Database Credentialed Access
EHRCon: Dataset for Checking Consistency between Unstructured Notes and Structured Tables in Electronic Health Records
Yeonsu Kwon , Jiho Kim , Gyubok Lee , Seongsu Bae , Daeun Kyung , Wonchul Cha , Tom Pollard , Alistair Johnson , Edward Choi
Published: Aug. 19, 2024. Version: 1.0.0
When using this resource, please cite:
(show more options)
Kwon, Y., Kim, J., Lee, G., Bae, S., Kyung, D., Cha, W., Pollard, T., Johnson, A., & Choi, E. (2024). EHRCon: Dataset for Checking Consistency between Unstructured Notes and Structured Tables in Electronic Health Records (version 1.0.0). PhysioNet. https://doi.org/10.13026/2nb5-nf74.

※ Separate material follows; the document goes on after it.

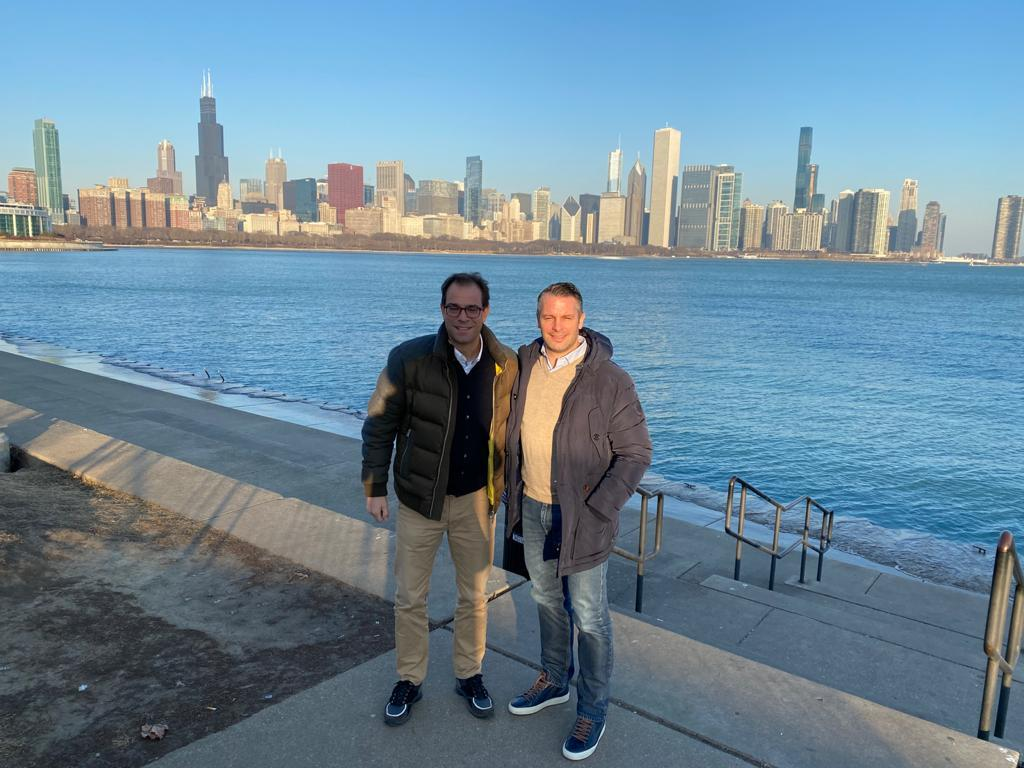 Sebastian Pelzer (Right) with Georg Heitz in Chicago

Please include the standard citation for PhysioNet:
(show more options)
Goldberger, A., Amaral, L., Glass, L., Hausdorff, J., Ivanov, P. C., Mark, R., ... & Stanley, H. E. (2000). PhysioBank, PhysioToolkit, and PhysioNet: Components of a new research resource for complex physiologic signals. Circulation [Online]. 101 (23), pp. e215–e220.
Abstract
Electronic Health Records (EHRs) are integral for storing comprehensive patient medical records, combining structured data (e.g., medications) with detailed clinical notes (e.g., physician notes). These elements are essential for straightforward data retrieval and provide deep, contextual insights into patient care. However, they often suffer from discrepancies due to unintuitive EHR system designs and human errors, posing serious risks to patient safety. To address this, we developed EHRCon, a new dataset and task specifically designed to ensure data consistency between structured tables and unstructured notes in EHRs. EHRCon was crafted in collaboration with healthcare professionals using the MIMIC-III EHR dataset, and includes manual annotations of 3,943 entities across 105 clinical notes checked against database entries for consistency. EHRCon has two versions, one using the original MIMIC-III schema, and another using the OMOP CDM schema, in order to increase its applicability and generalizability.
Background
Electronic Health Records (EHRs) are digital datasets comprising the rich information of a patient’s medical history within hospitals. These records integrate both structured data (e.g., medications, diagnoses) and detailed clinical notes (e.g., physician notes). The structured data facilitates straightfor- ward retrieval and analysis of essential information, while clinical notes provide in-depth, contextual insights into the patient’s condition. These two forms of data are interconnected and provide comple- mentary information throughout the diagnostic and treatment processes. For example, a practitioner might start by reviewing test results stored in the database, then determine a diagnosis and formulate a treatment plan, which are documented in the clinical notes. These notes are subsequently used to update the structured data in the database.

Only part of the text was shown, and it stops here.